The Magic of Please, Thank You and Sorry
Living in a society with many races and religions can be a tricky affair. But it is also a challenging situation which offers many opportunities to show that we can journey together in a patient, considerate, thoughtful and fascinating way. The onus is on each and every one of us to be more patient, more thoughtful and more considerate. It does not matter that the other party is being obnoxious. That is his choice… born out of frustration, ignorance and impatience. You can choose not to descend to his level of crass aggression and crudity. It is much better to consciously set your own high standards and maintain them regardless of the provocation or the circumstances.
Please, for instance, is a kind word that indicates your request to enter into the life or space of someone else with respect and care. When we make a sincere request for something, by adding the word please, we soften the request in a gentle way to enable the other party to respond positively.
Likewise, true love does not impose itself with aggression and violence!
A wise man once said:
Courtesy is the sister of charity. It extinguishes hatred and kindles love.
It follows, therefore, in our oftentimes arrogant and violent society that there is a need for even more courtesy.
A sincere and well expressed thank you is expected when you are at the receiving end of some act of kindness. Yet how many times have we forgotten to express this sentiment in time and with sincerity. Do we know how to say thank you? In our relationship with our wife / husband, our colleague / boss, our neighbour or even with the postman or delivery personnel, we should always express thanks for an act of kindness or thoughtfulness. Thank you is not merely a kind expression to use with strangers but it is just as important to say thank you to your wife, colleague, boss or friend as the case maybe.

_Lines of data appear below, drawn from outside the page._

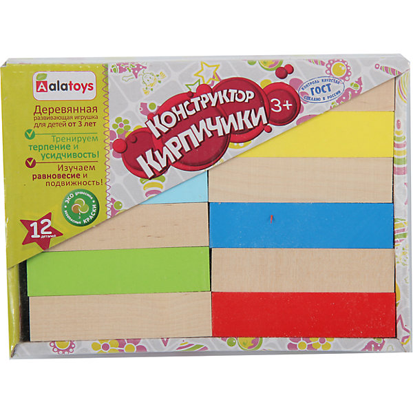 Деревянный конструктор Alatoys "Кирпичики", 12 деталей (наполовину окрашенный)
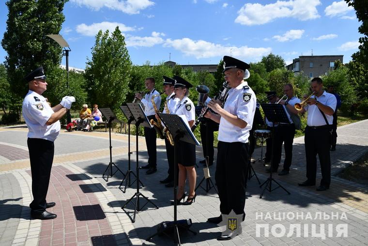 У м. Сєвєродонецьк у сквері ім. М. В. Гоголя святковий настрій мешканцям та гостям міста подарував духовий оркестр поліції Луганської області, малеча, від очільника поліції області Сергія Колесника та його заступників, отримала світловідбиваючі браслети, кульки та солодощі, а їх матусі квіти.
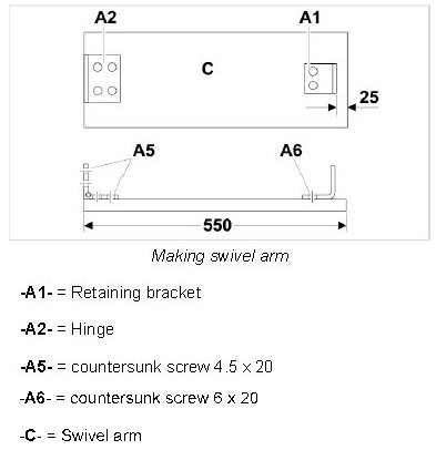 1.2. Fit hinge -A2- with 4 countersunk screws -A5- following the dimensions specified on the swivel arm -C-.
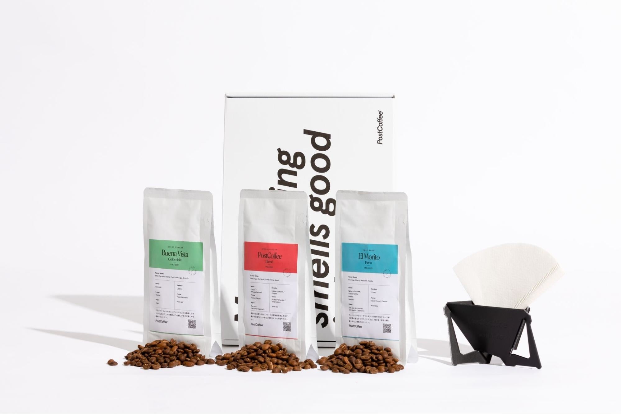 PostCoffeeは、毎月自宅のポストに日本・世界各地の良質なスペシャルティコーヒーをお届けするサブスクリプションサービスです。オンラインで無料でできる「コーヒー診断」によって、あなた専用にパーソナライズされた3種類のコーヒーを選出。約30万通りの組み合わせの中から、あなただけの1箱をポストにお届けします。自社焙煎のほか、国内外の人気コーヒーショップのコーヒーも楽しむことができます。

Sorry is not the hardest word. But for many obstinate individuals, it seems to be a near impossibility to express their contrition with a sincere apology. In a well known movie, ‘Love Story‘ produced many years ago, starring Ryan O’Neal and Ali MacGraw, it was claimed that ‘Love means never having to say you are sorry‘. This is sheer baloney!
In our lives with our better halves, we are prone to make many mistakes, act harshly at times and sometimes be inconsiderate. We are all guilty of these lapses in good behaviour. In such instances, when we come to the realisation of our mistakes, we should promptly and in good time, sincerely apologise to the other party without reservations. That is the mark of a mature human being.
Likewise, too is the need to apologise promptly and sincerely for a wrong doing at our place of work or even in society in general. Often, we show false pride and refuse to admit our mistakes and therefore offer a sincere apology. We sometimes think it does not matter. It is, however, important and critical for our intellectual and spiritual growth as a human being to readily recognise our mistakes and to thereafter apologise to the party concerned. It is not a sign of weakness. It is, rather a sign of maturity! If we learn to apologise and forgive each other, then the relationship is strengthened over time.
It is, therefore, in our own interest and that of society in general, that we should make it a practice to show common courtesies to one another as a way of life. One of the greatest challenges of modern living is learning how to manage multiple relationships… regardless of whether these relationships are at home, in the office, in the club or in the neighbourhood association. Observing and practising common courtesies is the first step in that direction.